1.2.根据命令行参数,配置两个配置类NamesrvConfig、NettyServerConfig
如果命令行有:
- -c +文件路径:则读取该配置文件,然后根据属性merge到NamesrvConfig、NettyServerConfig两个配置类中去
- -p:则仅仅打印一下配置,然后退出
然后验证,必须要有rocketmqHome配置项,可以来源于命令行或者是环境变量
1.3.配置日志
看起来rocketmq是写死了用logback作为日志。会从rocketmqHome对应的目录底下,加载/conf/logback_namesrv.xml文件作为logback的配置文件,然后初始化内部的日志系统
1.4.NamesrvController的创建
构造函数如下:
public NamesrvController(NamesrvConfig namesrvConfig, NettyServerConfig nettyServerConfig) {
this.namesrvConfig = namesrvConfig;
this.nettyServerConfig = nettyServerConfig;
this.kvConfigManager = new KVConfigManager(this);
this.routeInfoManager = new RouteInfoManager();
this.brokerHousekeepingService = new BrokerHousekeepingService(this);
this.configuration = new Configuration(log,this.namesrvConfig, this.nettyServerConfig);
this.configuration.setStorePathFromConfig(this.namesrvConfig, "configStorePath");
}
2.启动controller
代码如下:
public static NamesrvController start(final NamesrvController controller) throws Exception {
//2.1.初始化NamesrvController
boolean initResult = controller.initialize();
//2.2.注册jvm的hook函数
Runtime.getRuntime().addShutdownHook(new ShutdownHookThread(log, new Callable<Void>() {
@Override
public Void call() throws Exception {
controller.shutdown();
return null;
}
}));
//2.3.启动controller
controller.start();
return controller;
}
2.1.初始化controller
public boolean initialize() {
//加载kv配置
this.kvConfigManager.load();
//1.创建一个Netty服务端对象,注册处理器
this.remotingServer = new NettyRemotingServer(this.nettyServerConfig, this.brokerHousekeepingService);
this.remotingExecutor =
Executors.newFixedThreadPool(nettyServerConfig.getServerWorkerThreads(), new ThreadFactoryImpl("RemotingExecutorThread_"));
this.registerProcessor();
//2.开启两个定时任务,分别用于扫描broker连接是否有效和打印kv配置
this.scheduledExecutorService.scheduleAtFixedRate(new Runnable() {
@Override
public void run() {
NamesrvController.this.routeInfoManager.scanNotActiveBroker();
}
}, 5, 10, TimeUnit.SECONDS);
this.scheduledExecutorService.scheduleAtFixedRate(new Runnable() {
@Override
public void run() {
NamesrvController.this.kvConfigManager.printAllPeriodically();
}
}, 1, 10, TimeUnit.MINUTES);
if (TlsSystemConfig.tlsMode != TlsMode.DISABLED) {
//3.监控ssl文件,如果变化则重新加载
fileWatchService = new FileWatchService(
//...监控文件变化
}
return true;
}
2.1.1.创建Netty服务端对象,然后注册处理器
2.1.2.开启两个定时任务
一个用于每隔10s扫描一次broker,移除失活状态的broker;
一个用于每隔10min打印一次配置项
2.1.3.监控ssl文件,如果变化则重新加载
2.2.注册一个jvm hook函数
这也是一种常见的优雅停机的方式。

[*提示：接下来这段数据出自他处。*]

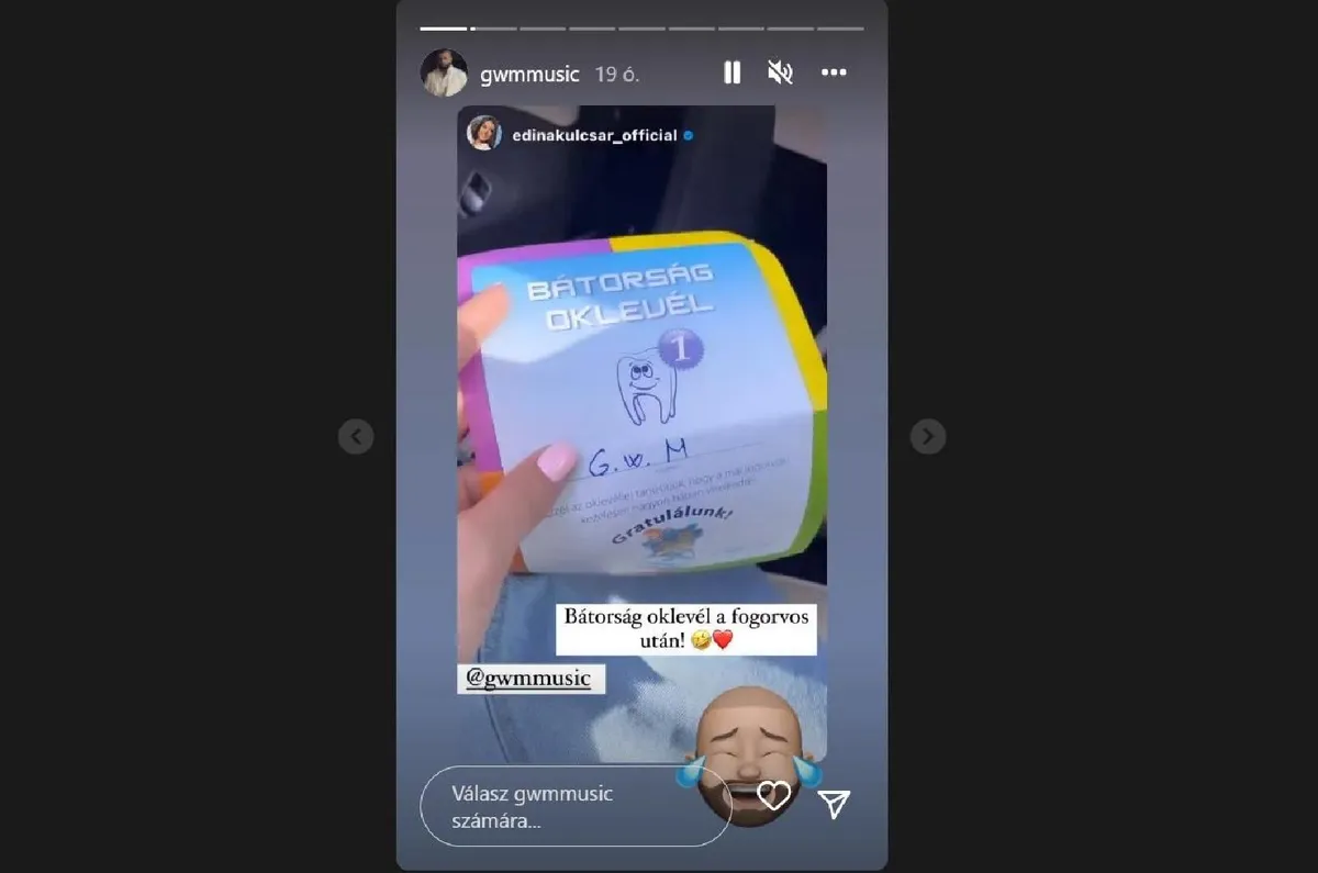Edina felfedezésén G.w.M is csak mosolyogni tudott, a talált dokumentum ugyanis egy bátorság oklevél, amit a rapper a fogorvostól kapott. Így már oklevél is bizonyítja, hogy a sztár kiállta a bátorságpróbát a fogorvosi székben. A vicces pillanatról készült videót G.w.M Instagram sztorijában mutatta meg.

注册一个jvm hook函数,然后再jvm进程关闭之前,先将线程池啊,占用的资源文件这些释放掉
2.3.启动controller
代码如下:
public void start() throws Exception {
//初始化netty服务器配置,然后启动
this.remotingServer.start();
//检测配置文件的变更
if (this.fileWatchService != null) {
this.fileWatchService.start();
}
}
注册路由信息
注册路由信息的动作,由broker发起,namesrv作为服务器端响应。在namesrv中,所有请求的处理入口都在DefaultRequestProcessor.processRequest()方法中。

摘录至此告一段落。